** What the task requires **
In the entries below, begin at the line that has "Luxury Ellora Ivory" and stop after the line that has "Recovery Assistant kendi"; output those lines exactly, leaving out pictures.

** Given records **
= Beginning of Section =

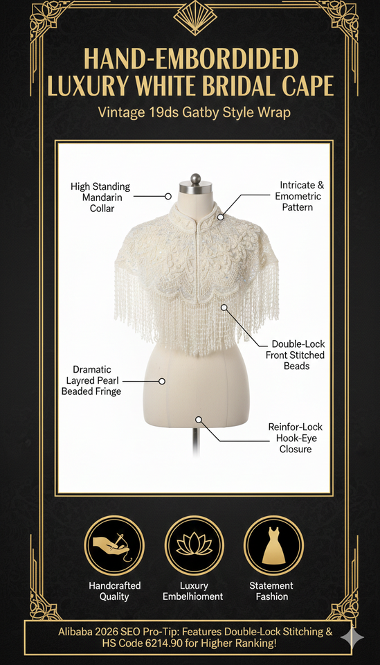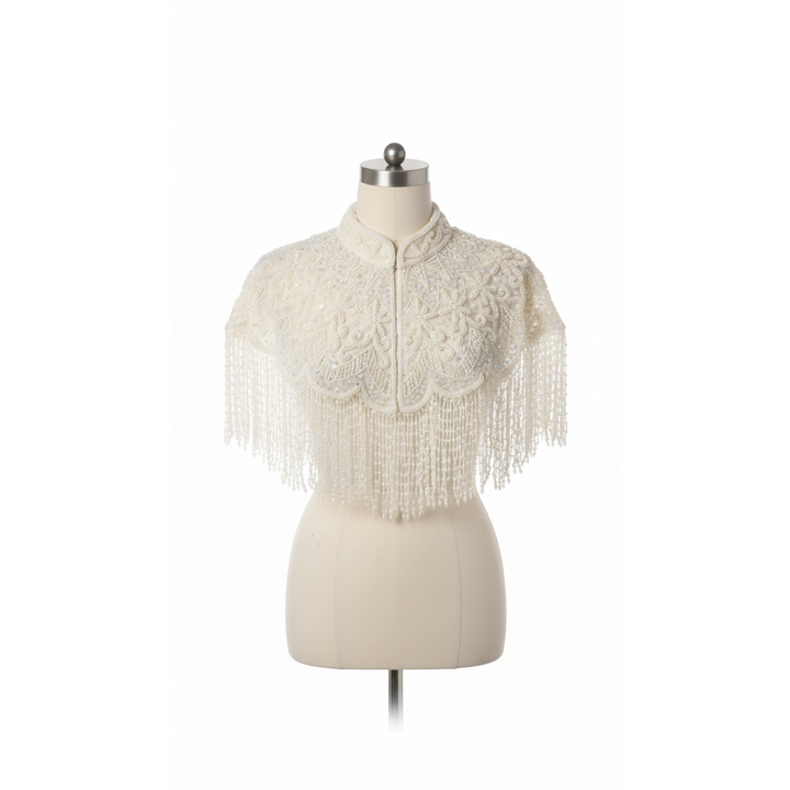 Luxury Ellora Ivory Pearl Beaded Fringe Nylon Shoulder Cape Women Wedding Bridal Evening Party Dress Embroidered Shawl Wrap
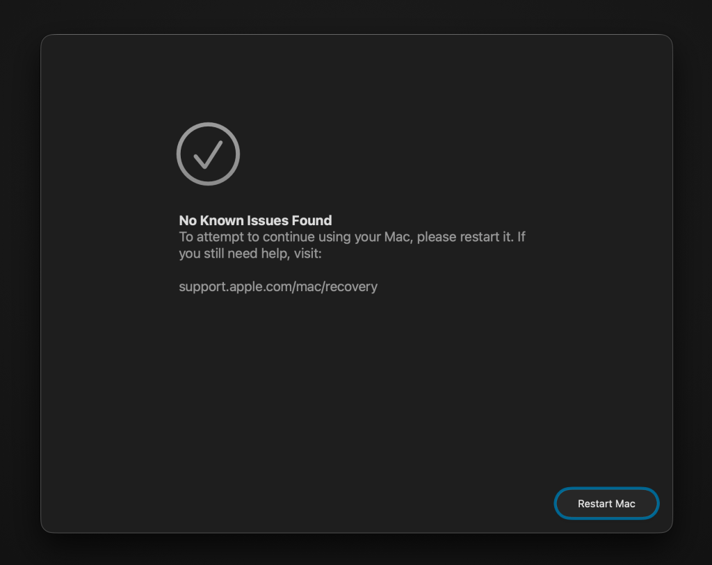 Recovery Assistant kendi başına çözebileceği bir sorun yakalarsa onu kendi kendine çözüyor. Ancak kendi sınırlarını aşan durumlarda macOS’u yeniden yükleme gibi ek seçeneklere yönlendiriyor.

= End of Section =
= Beginning of Section =

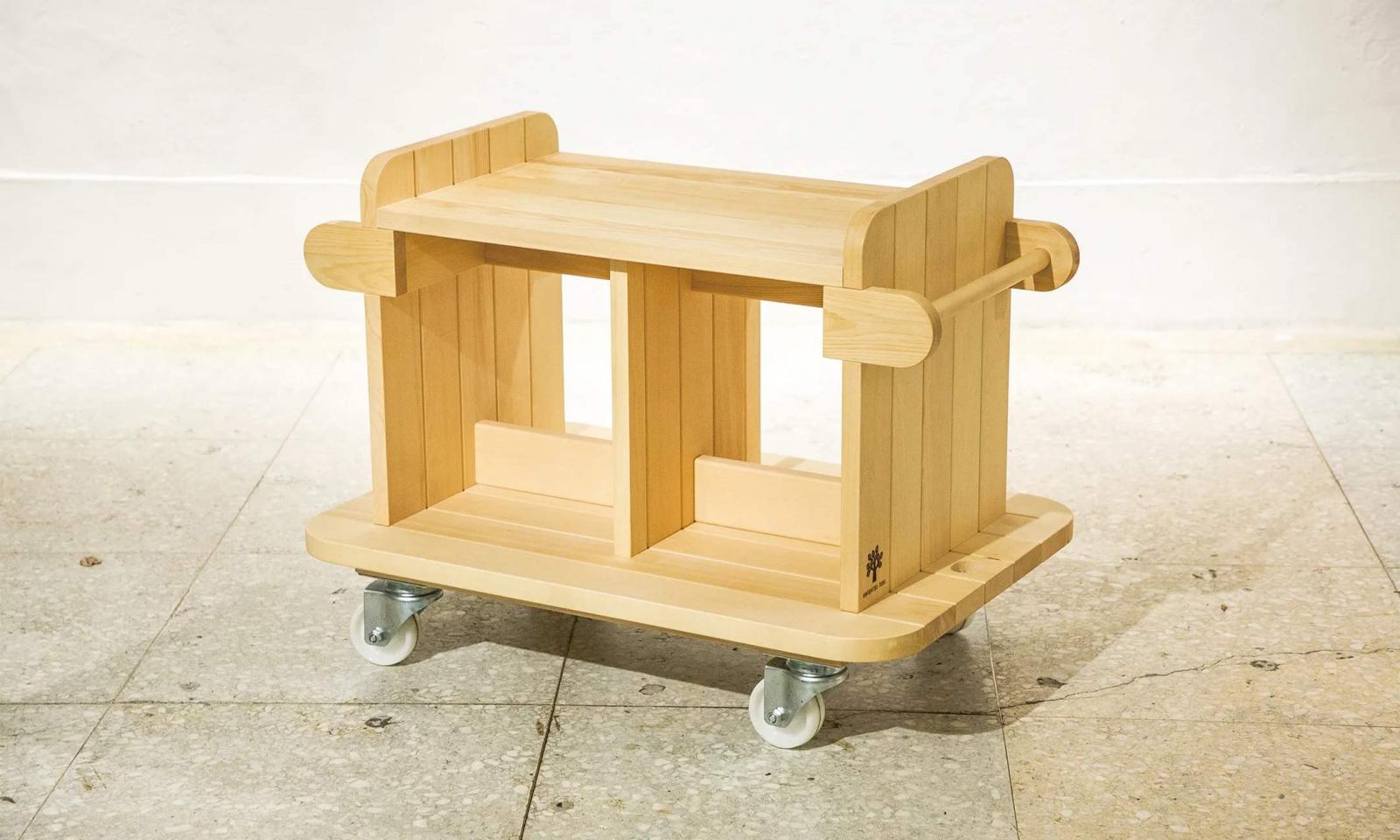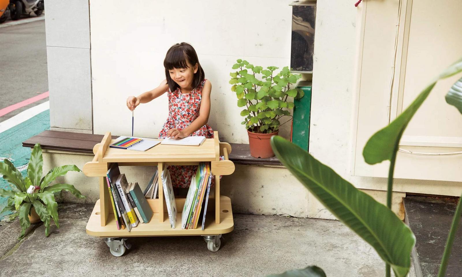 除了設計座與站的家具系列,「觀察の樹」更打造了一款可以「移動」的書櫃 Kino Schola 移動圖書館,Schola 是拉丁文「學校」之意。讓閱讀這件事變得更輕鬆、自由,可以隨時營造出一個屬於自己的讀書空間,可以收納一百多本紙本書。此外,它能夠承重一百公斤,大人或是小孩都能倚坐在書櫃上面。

= End of Section =

** Response **
 Luxury Ellora Ivory Pearl Beaded Fringe Nylon Shoulder Cape Women Wedding Bridal Evening Party Dress Embroidered Shawl Wrap
 Recovery Assistant kendi başına çözebileceği bir sorun yakalarsa onu kendi kendine çözüyor. Ancak kendi sınırlarını aşan durumlarda macOS’u yeniden yükleme gibi ek seçeneklere yönlendiriyor.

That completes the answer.